Alpine Immune Sciences has terminated two clinical trials for its anti-cancer candidate davoceticept after a second patient death attributed to cardiogenic shock. Davoceticept (ALPN-202) is a CD28 costimulator and dual checkpoint inhibitor immunotherapy that was been tested in concurrent clinical trials: NEON-1 with the candidate being evaluated as a monotherapy; and NEON-2 a study of a combination therapy of davoceticept and pembrolizumab (KEYTRUDA).
Both studies were voluntarily terminated by Alpine, though the two patient deaths occurred in the NEON-2 combination therapy trial. The second patient with metastatic colorectal cancer had been treated previously with a colectomy and other chemotherapeutic agents, and died after the administration of a single dose of davoceticept and pembrolizumab.
NEON-2 had previously been placed on a partial clinical hold in March—which allows a company to continue running a trial, but bars it from recruiting new patients—after the first reported death in the trial. At the time, the NEON-1 trial of davoceticept was unaffected, but after this second death, Alpine decided to shutter both studies.
“Patient safety remains our highest priority,” said Mitchell H. Gold, MD, executive chairman and CEO of Alpine in a press release. “We have determined it is in the best interest of all patients to terminate enrollment in the davoceticept studies and we will continue to work with the U.S. Food and Drug Administration, Merck, the study Safety Monitoring Committee, and the study investigators to further understand this important safety issue. Davoceticept has shown encouraging signs of clinical activity and it is unfortunate we have not yet been able to identify a safe dose regimen for the combination with pembrolizumab.”
The company now will turn its attention to advancing its lead program ALPN-303, a dual B cell cytokine (BAFF/APRIL) antagonist, which has shown potential against multiple autoimmune and inflammatory indications. In September, the company reported data from it Phase 1 RUBY study of ALPN-303 in healthy volunteers and non-clinical studies.

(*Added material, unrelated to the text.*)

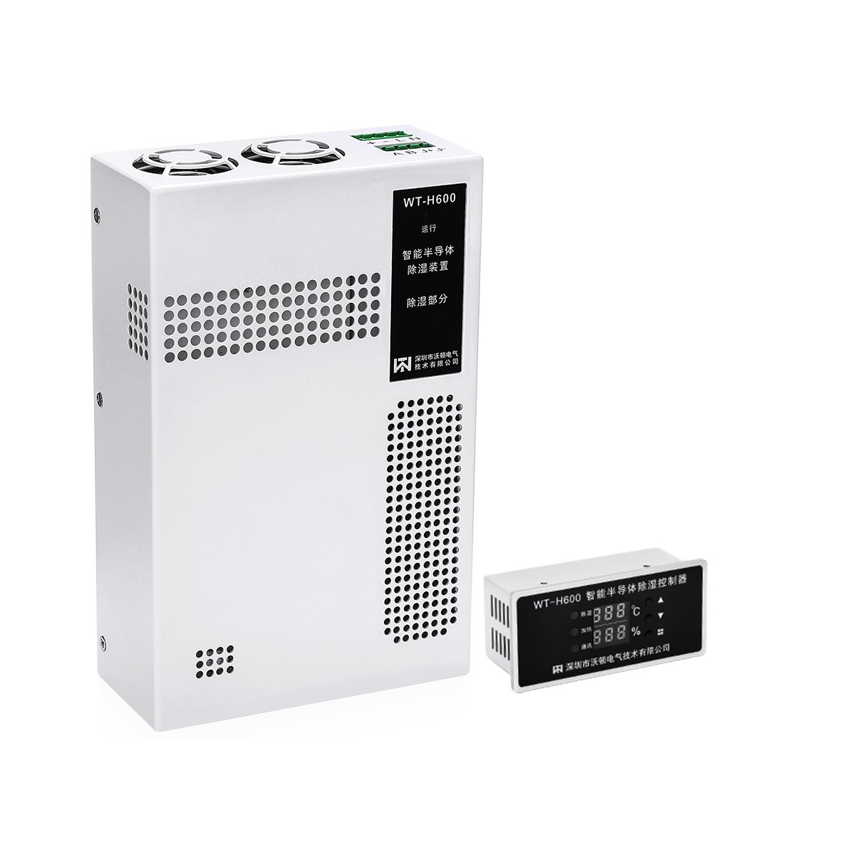 Wt-h600 split semiconductor cooling and dehumidification device is based on thermoelectric refrigeration to cool the water molecules in the air below the dew point temperature to achieve the purpose of dehumidification. Compared with the traditional dehumidification technology, it has the characteristics of small volume, high stability, no refrigerant and desiccant, environment-friendly and so on.

The RUBY study showed the candidate was well tolerated in both intravenous or subcutaneous at doses up to 960 mg. It also showed improved potency against BAFF and APRIL, and demonstrated superiority against BAFF- or APRIL-only inhibitors, as well as wild-type TACI, in preclinical disease models.
“The initial healthy volunteer data with ALPN-303 suggest a differentiated and potentially best-in-class development profile, which we anticipate could have a meaningful impact on clinical outcomes in SLE (systemic lupus erythematosus) and also potentially a wide range of autoantibody-related inflammatory diseases,” noted Stanford Peng, MD, PhD, Alpine’s president and head of R&D, in a statement released at the company’s RD day.
Based on this, the company now plans a Phase II randomized, placebo-controlled proof-of-concept study in SLE as well as open-label basket studies in renal, hematologic, and dermatologic autoimmune diseases, which it expects to initiate in late 2023.
In addition to ALPN-303, Alpine also has a collaboration with AbbVie for acazicolcept in SLE and has additional preclinical and clinical collaborations with Horizon Discovery and Adaptimmune.